▶ [DATASET EXCERPT]
----
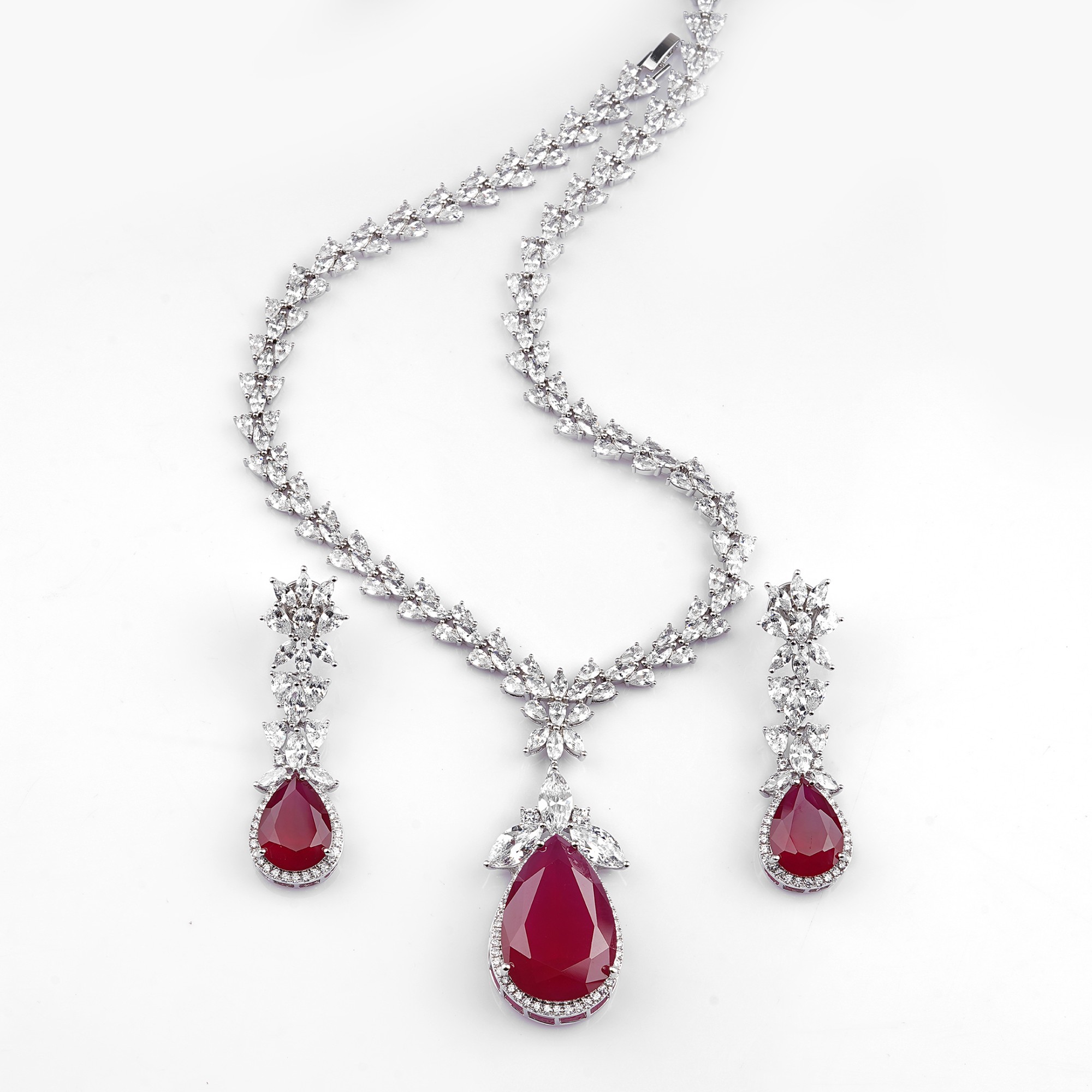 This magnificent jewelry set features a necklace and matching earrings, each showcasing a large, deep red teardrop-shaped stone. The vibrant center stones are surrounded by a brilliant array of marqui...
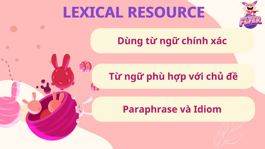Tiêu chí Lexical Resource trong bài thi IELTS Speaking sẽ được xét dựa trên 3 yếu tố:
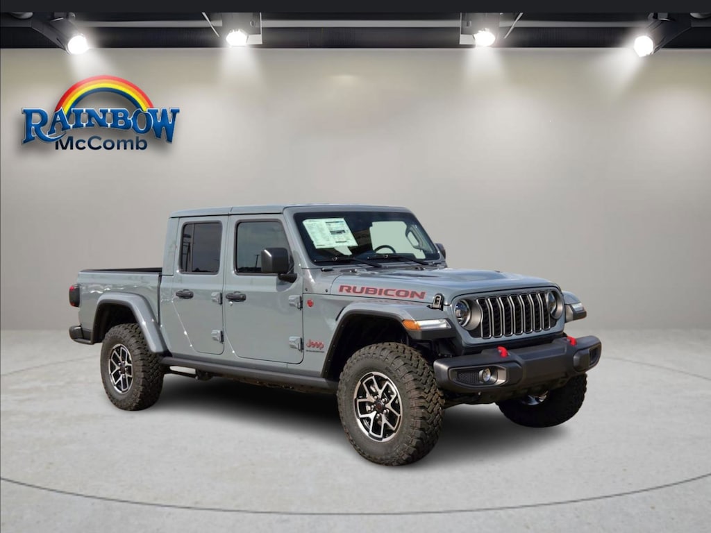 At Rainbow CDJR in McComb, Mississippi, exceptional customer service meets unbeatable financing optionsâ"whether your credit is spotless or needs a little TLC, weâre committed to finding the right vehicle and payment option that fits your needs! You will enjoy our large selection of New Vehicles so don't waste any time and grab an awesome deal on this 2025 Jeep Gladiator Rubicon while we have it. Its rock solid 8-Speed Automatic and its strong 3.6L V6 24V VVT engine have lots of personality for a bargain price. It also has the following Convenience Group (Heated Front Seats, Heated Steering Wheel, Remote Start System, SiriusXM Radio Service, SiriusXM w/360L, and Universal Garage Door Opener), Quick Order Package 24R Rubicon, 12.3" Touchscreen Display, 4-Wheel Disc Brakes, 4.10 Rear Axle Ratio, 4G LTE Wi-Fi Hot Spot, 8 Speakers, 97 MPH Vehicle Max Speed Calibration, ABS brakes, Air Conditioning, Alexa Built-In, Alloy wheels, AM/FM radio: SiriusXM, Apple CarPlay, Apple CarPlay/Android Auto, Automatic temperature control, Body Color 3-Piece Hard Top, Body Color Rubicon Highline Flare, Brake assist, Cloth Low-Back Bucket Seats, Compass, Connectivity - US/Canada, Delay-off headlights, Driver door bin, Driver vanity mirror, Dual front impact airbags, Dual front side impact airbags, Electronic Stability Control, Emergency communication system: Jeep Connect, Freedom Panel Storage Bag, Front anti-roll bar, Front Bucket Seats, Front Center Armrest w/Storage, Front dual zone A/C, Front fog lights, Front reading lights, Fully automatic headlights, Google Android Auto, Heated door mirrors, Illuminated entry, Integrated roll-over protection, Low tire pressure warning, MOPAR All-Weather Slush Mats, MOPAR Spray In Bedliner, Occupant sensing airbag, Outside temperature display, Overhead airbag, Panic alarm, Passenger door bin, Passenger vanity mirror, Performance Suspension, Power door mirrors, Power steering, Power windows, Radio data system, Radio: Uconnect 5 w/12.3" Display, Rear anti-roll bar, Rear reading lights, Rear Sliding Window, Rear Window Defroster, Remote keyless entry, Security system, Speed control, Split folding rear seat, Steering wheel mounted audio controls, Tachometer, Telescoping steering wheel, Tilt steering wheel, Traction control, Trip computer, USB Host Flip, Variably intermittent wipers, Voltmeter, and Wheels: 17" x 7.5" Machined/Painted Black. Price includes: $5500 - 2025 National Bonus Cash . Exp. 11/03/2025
----
▶ [EXERCISE BRIEF] Reproduce the opening lines of the material above exactly, ending with the line that contains "Tiêu chí Lexical". Omit every picture.

▶ [RESPONSE BOX]
 This magnificent jewelry set features a necklace and matching earrings, each showcasing a large, deep red teardrop-shaped stone. The vibrant center stones are surrounded by a brilliant array of marqui...
Tiêu chí Lexical Resource trong bài thi IELTS Speaking sẽ được xét dựa trên 3 yếu tố:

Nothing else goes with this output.